Wskazać należy, że bardzo podobne zachowania, jak te wskazane w nr 1-5, były przedmiotem analizy ETPCz. Pewne analogie można także odnaleźć wobec zachowań z pkt. 8 i 9, co wskazuje dalsza część opinii. Oczywiście spektakl tworzy pewną całość podlegającą ocenie, jednak użyte konkretne środki wyrazu mogą być oceniane także indywidualne, a kontekst całości spektaklu wydaje się być tłem oceny.
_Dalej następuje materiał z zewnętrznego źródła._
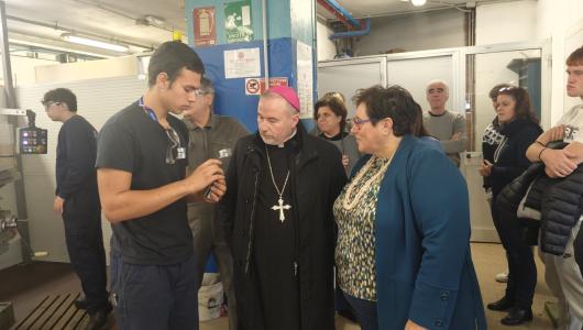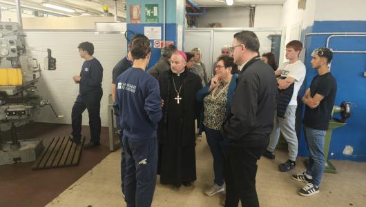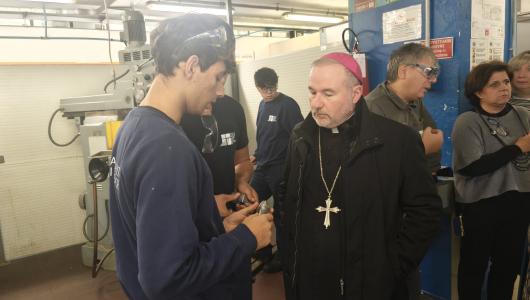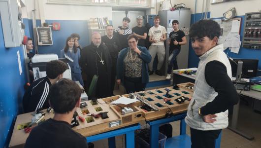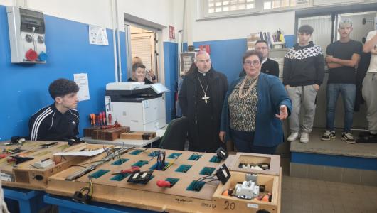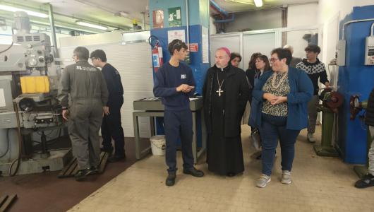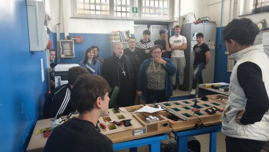 Mons. Daniele Salera osserva da vicino i lavori in corso nei reparti elettrico, PLC, meccanico e delle produzioni alimentari, soffermandosi con curiosità sulle attività pratiche e sui progetti dei ragazzi.
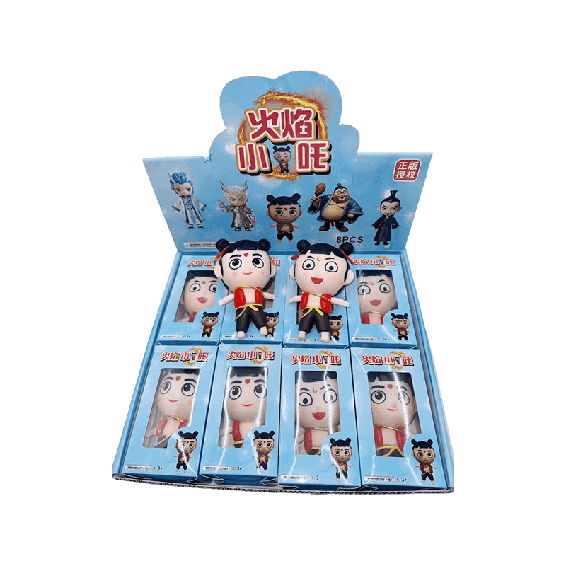 •英雄设计:以哪吒标志性的双髻、火热的表情和他标志性的风火轮俏皮的姿势为特色
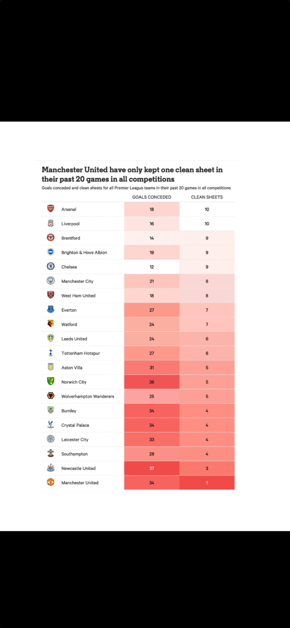 Shockingly, that record of 34 against – with just one clean sheet recorded – in the past 20 games, puts them dead last among Premier League competitors.
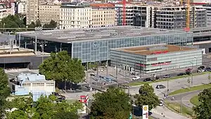 Wien Praterstern (German for Vienna Praterstern) is one of Vienna's main railway stations, used by 35,000 people daily. It is located on the roundabout Praterstern in Leopoldstadt, in the north of the city. Vienna's two most recognisable structures, the Wiener Riesenrad (Ferris wheel) and the Stephansdom (cathedral), are both visible from the platforms. Underneath the station is the Praterstern U-Bahn station, which is on U1 and U2 of the Vienna U-Bahn.
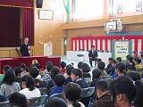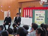 この日の業間に、真新しい体育館に子どもたち全員が集まり、たくさんのおはなしを聴きました。演目は次の通りです。
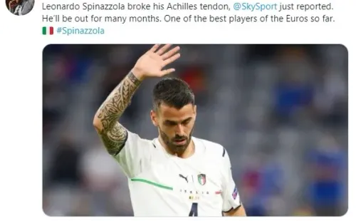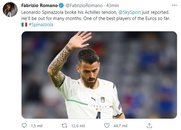 “Leonardo Spinazzola se cortó el tendón de Aquiles, acaba de informar SkySport. Estará fuera por varios meses, uno de los mejores jugadores de la Euro por lejos”, recogió Fabrizio Romano en su cuenta de Twitter.

Jest tak dlatego, że wskazane wyżej środki wyrazu mogłyby być w prosty sposób zastąpione innymi scenami, które niewątpliwie nie naruszają praw osób trzecich, a mogły nieść tę samą ideę i treść.
Część Druga:
Podstawy aksjologiczne – Prawa Człowieka.
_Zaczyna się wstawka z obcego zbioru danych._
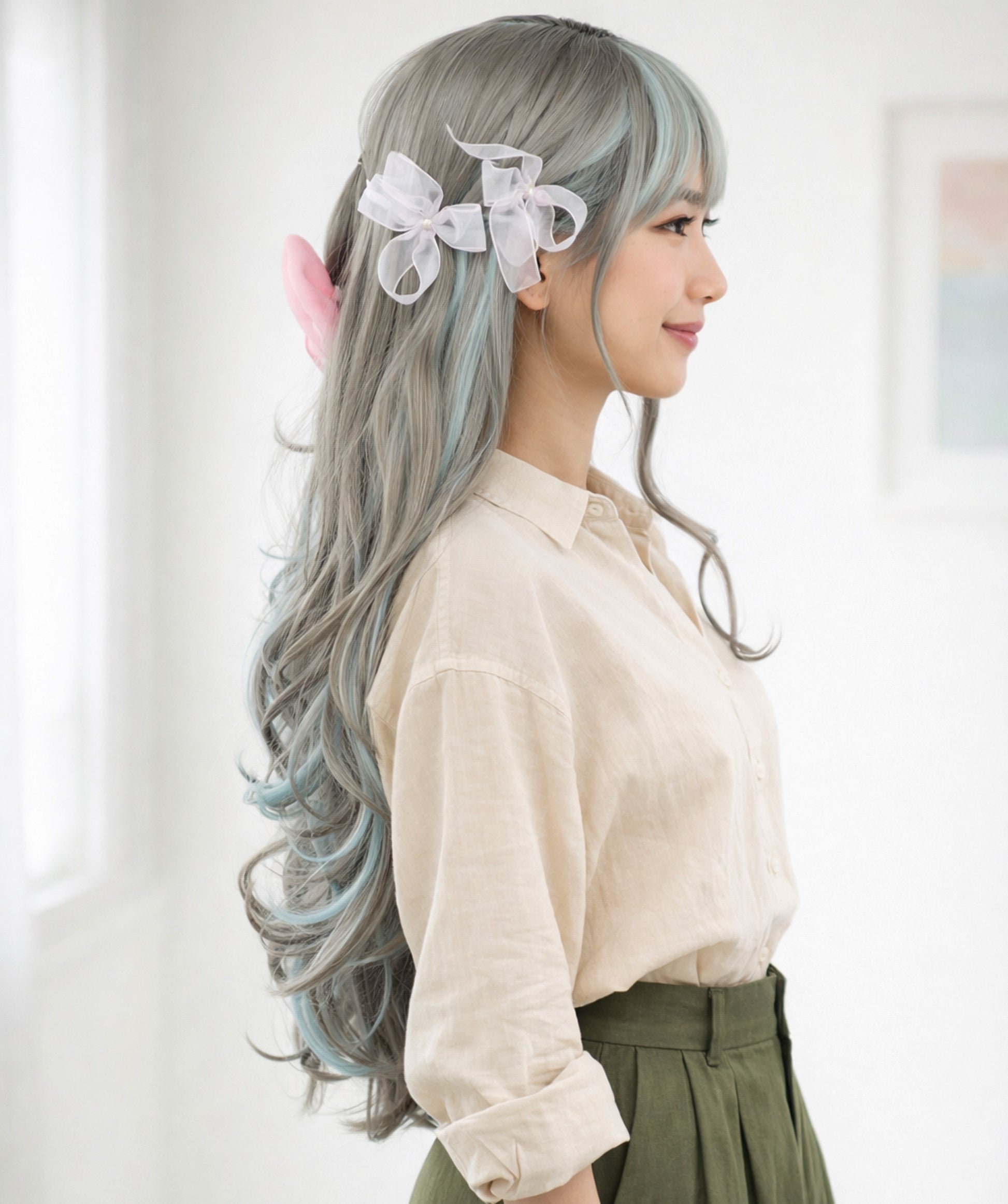 耐熱性合成繊維を丁寧に編み込んだこのウェーブウィッグは、柔らかなグレートーンと繊細なブルーのハイライトが絶妙なバランスで、洗練された印象を演出します。

Balans między swobodą ekspresji a prawami osób trzecich.
Wskazać należy, że osią dla ustalenia zgodności z prawem międzynarodowym działania twórców i wykonawców spektaklu jest przedstawienie poglądów Trybunału Praw Człowieka w Strasburgu oraz polskiego Trybunału Konstytucyjnego w zakresie kolizji wolności słowa i ochrony przekonań religijnych w kontekście tzw. bluźnierstwa. Konieczne jest także pokazanie czy samo bluźnierstwo wg standardów strasburskich dotyczy tylko uczuć religijnych czy też innych wartości czy dóbr. Potrzebne jest także przedstawienie wolności ekspresji jako wartości w społeczeństwie demokratycznym, które z natury ma charakter pluralistyczny[4]. Całość rozważań pozwoli odnaleźć właściwy balans między wolnością słowa, a prawami osób trzecich, jaki wynika z orzecznictwa ETPCz i TK.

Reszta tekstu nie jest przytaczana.